These updates apply to all CTIMPs hosted, sponsored, or supported through JCRO — including those sponsored or hosted by GESH NHS and City St George's University of London.
- Risk-Proportionate GCP: Revised Good Clinical Practice requirements with a stronger emphasis on risk-proportionate trial conduct, Quality by Design (QbD), and data integrity.
- Investigator Responsibilities: Updated expectations for investigator oversight, delegation, and training — with clearer accountability at site level.
- Safety Reporting: Simplified and more proportionate SUSAR and Development Safety Update (DSU) reporting arrangements to reduce administrative burden without compromising safety.
- Flexible Trial Delivery: Greater flexibility to support decentralised and innovative trial elements, including remote monitoring and digital solutions.

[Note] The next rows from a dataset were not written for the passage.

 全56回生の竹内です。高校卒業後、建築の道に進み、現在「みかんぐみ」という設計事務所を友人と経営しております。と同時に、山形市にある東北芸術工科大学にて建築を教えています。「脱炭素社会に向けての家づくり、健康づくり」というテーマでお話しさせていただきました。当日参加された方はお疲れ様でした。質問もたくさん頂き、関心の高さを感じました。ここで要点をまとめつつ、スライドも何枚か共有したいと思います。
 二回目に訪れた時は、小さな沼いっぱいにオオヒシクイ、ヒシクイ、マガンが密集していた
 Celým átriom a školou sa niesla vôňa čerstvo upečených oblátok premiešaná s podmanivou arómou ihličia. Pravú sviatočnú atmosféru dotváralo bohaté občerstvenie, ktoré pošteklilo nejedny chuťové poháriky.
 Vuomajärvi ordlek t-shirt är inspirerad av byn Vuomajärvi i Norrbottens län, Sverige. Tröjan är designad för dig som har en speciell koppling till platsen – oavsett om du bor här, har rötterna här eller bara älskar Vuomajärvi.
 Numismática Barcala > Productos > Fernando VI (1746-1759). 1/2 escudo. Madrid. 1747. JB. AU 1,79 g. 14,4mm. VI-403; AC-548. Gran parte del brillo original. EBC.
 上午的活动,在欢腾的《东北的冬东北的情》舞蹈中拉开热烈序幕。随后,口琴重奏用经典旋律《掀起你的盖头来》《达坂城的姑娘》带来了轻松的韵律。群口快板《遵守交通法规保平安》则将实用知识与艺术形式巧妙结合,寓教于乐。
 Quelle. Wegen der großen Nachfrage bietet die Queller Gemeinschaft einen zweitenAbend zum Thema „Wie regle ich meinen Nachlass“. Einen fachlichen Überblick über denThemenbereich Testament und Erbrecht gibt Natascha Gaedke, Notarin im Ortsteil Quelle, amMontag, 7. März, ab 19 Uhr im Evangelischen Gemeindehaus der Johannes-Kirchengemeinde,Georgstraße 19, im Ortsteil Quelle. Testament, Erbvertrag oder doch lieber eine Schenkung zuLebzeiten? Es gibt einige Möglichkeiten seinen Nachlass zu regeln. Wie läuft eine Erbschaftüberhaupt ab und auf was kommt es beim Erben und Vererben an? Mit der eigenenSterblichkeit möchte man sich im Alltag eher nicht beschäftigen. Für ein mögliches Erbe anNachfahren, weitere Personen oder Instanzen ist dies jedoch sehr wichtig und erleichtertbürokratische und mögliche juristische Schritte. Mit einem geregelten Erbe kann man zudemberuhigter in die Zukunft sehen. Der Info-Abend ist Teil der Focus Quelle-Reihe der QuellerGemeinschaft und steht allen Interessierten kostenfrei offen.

- Legislation: Updated statutory basis under the Medicines for Human Use (Clinical Trials) Regulations (as amended, SI 2025/538).
If you work on CTIMPs within JCRO (GESH NHS or City St George's)
- Review and update study documentation as required — including protocols, participant information sheets, consent forms, monitoring plans, delegation logs, and site SOPs.
- Ensure GCP training is current. If your last GCP training was completed more than two years ago, a refresher is required via the NIHR Learning Management System.
- Sponsors or sponsor-delegated teams will contact study teams directly where specific changes are needed to maintain compliance.
If your CTIMP is externally sponsored
- Check whether your sponsor has issued transition or implementation guidance.
- Contact the JCRO Governance & Sponsorship team if you need support reviewing local processes, oversight arrangements, or safety reporting pathways.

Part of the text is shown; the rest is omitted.